李家老二和老三對視一眼,從對方眼底看出幾分興奮。

之前的李家所有事都是李天維在管,老太太看重他,其他兄弟想插手撈點油水都不行。要他們說,李天維有什麽厲害的,不就是搭上了洋人的車偷偷替洋人辦事嗎?換他們來難道就不行了?!

之前他們無意中得知洋人想讓李天維對付白落秋,兄弟兩人商量了一下,決定去白落秋府上鬧事,想幫李天維討個好,順便敲詐點錢,不料被李天維知道後劈頭蓋臉一頓訓。
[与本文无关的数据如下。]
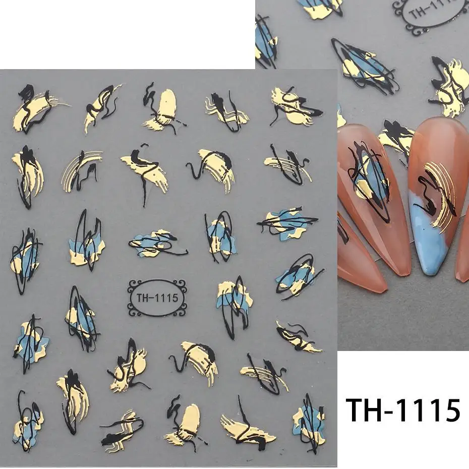 1PCS Black White Butterfly Laser Nail Stickers Y2K Nail Art Decoration Abstract Lines Bronzing Flowers Stickers For Nails

李天維那麽著急,不就是怕他們兄弟也搭上洋人的線嗎?!

這次李天維失蹤,李老太太松口,他們終於有了施展的機會,洋人當然是要見的,不過李天維嘛——還是最好別回來了吧。

“娘,我們去找田中薰先生,帶尋常禮物人家肯定看不上,你看看我們兄弟倆手頭也沒什麽錢……”李家老二眼珠子轉了幾圈,故意說道。

“那你說要怎麽辦?”李老太太問。

“我記得大哥手下還有家茶樓吧。”李老三幫腔,“我前幾天去茶樓看了幾圈,發現裏面的生意零零碎碎的不成氣候,眼下救大哥要緊,不如我們先把這茶樓賣了換點錢吧?”

運來茶樓的生意根本沒有零零碎碎,李老三不過是為了錢睜著眼睛說瞎話罷了,然而久居深宅的李老太太哪裏知道這個?

“鳳荷,你說呢?”她又問自己的大兒媳婦。

“……嗯,嗯。”王鳳荷的嘴唇顫動了幾下,擠出一絲聲音,“全聽娘和兄弟們做主。”

“行,那老二老三你們看著去辦吧。”李老太太打了個哈欠,“今天太晚了,我先去睡了,鳳荷你看好琪哥兒,別讓孩子到處亂跑。”

“琪哥兒已經睡了,娘你也快去休息吧。”王鳳荷趕緊站起來說。

然而他們不知道的是,祠堂之外,一個七八歲大小的男孩正趴在門上偷聽著什麽,眼睛骨碌碌地轉,聽到最後屋裏幾人提到自己,他才不甘心地後退幾步,沖屋裏的方向吐了口唾沫,悄悄離去。